Some Common Series Representations $$ \begin{array}{lll} \displaystyle &\displaystyle &\mbox{}\\ \displaystyle \sin x=\sum_{k=0}^{\infty}\frac{(-1)^kx^{2k+1}}{(2k+1)!}\,\, \mbox{ on }\,\, (-\infty,\infty) &&\displaystyle \cos x=\sum_{k=0}^{\infty}\frac{(-1)^kx^{2k}}{(2k)!}\,\, \mbox{ on }\,\, (-\infty,\infty) \\ \displaystyle e^x=\sum_{k=0}^{\infty}\frac{x^{k}}{k!}\,\, \mbox{ on }\,\, (-\infty,\infty) &&\displaystyle \ln x =\sum_{k=1}^{\infty}\frac{(-1)^{k+1}}{k}(x-1)^{k}\,\, \mbox{ on }\,\, (0,2] \\ \displaystyle \tan^{-1} x=\sum_{k=0}^{\infty}\frac{(-1)^kx^{2k+1}}{2k+1}\,\, \mbox{ on }\,\, [-1,1] &&\displaystyle \frac{1}{1-x} =\sum_{k=1}^{\infty}x^{k} \,\, \mbox{ on }\,\, (-1,1) \\ \displaystyle \sinh x=\sum_{k=0}^{\infty}\frac{x^{2k+1}}{(2k+1)!} \,\, \mbox{ on }\,\, (-\infty,\infty)&&\displaystyle \cosh x=\sum_{k=0}^{\infty}\frac{x^{2k}}{(2k)!}\,\, \mbox{ on }\,\, (-\infty,\infty) \\ \end{array} $$
Yeah, but how do we find the series representation of a function?
Taylor Series
Suppose we want to approximate a function $f(x)$ by a polynomial.
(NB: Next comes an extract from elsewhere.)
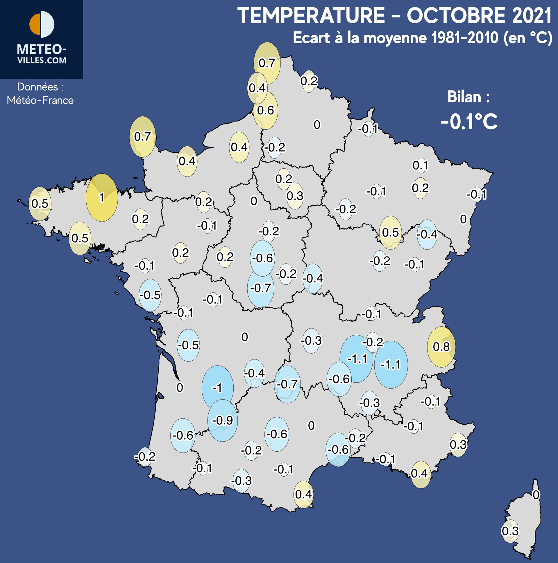 Au final, avec un indicateur thermique national de 13.4°C, ce mois d’octobre 2021 a été peu ou prou dans les moyennes de saison puisque l’anomalie est quasiment neutre (-0.1°C par rapport aux moyennes 1981-2010).

The $n$th-degree Taylor approximation $P_n(x)=a_0+a_1(x-x_0)+a_2(x-x_0)^2+\cdots+a_n(x-x_0)^n$ at $x_0$ says that the best way to do this is to make sure the function value and all the derivatives agree.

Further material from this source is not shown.